*About this task*. Output only the lines below from the one holding "Kentte devriye görevi" down to the one holding "STYLE: Monteau black", both end lines included and every picture dropped.

*Supplied material*.
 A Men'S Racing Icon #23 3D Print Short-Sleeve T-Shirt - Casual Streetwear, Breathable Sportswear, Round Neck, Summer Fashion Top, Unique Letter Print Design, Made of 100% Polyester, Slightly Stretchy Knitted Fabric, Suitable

--

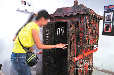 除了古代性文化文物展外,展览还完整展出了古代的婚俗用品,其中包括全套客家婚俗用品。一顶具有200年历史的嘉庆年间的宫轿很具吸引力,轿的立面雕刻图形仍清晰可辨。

---

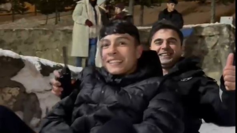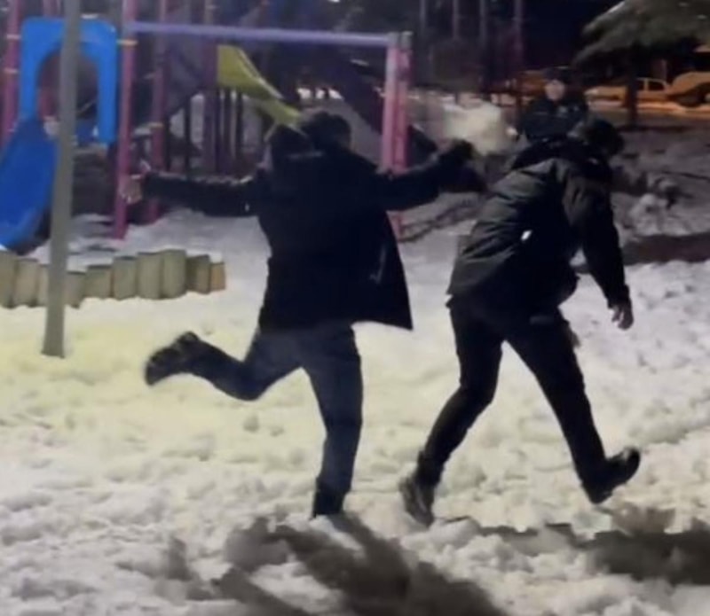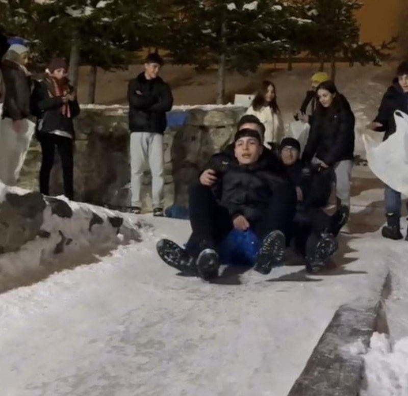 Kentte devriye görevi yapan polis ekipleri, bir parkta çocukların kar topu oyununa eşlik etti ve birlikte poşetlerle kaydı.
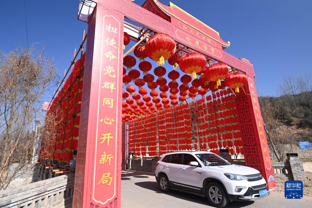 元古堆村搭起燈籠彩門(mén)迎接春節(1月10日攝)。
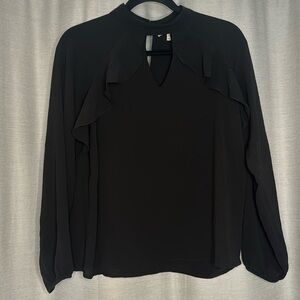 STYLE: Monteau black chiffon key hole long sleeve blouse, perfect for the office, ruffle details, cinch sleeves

*Response*.
 Kentte devriye görevi yapan polis ekipleri, bir parkta çocukların kar topu oyununa eşlik etti ve birlikte poşetlerle kaydı.
 元古堆村搭起燈籠彩門(mén)迎接春節(1月10日攝)。
 STYLE: Monteau black chiffon key hole long sleeve blouse, perfect for the office, ruffle details, cinch sleeves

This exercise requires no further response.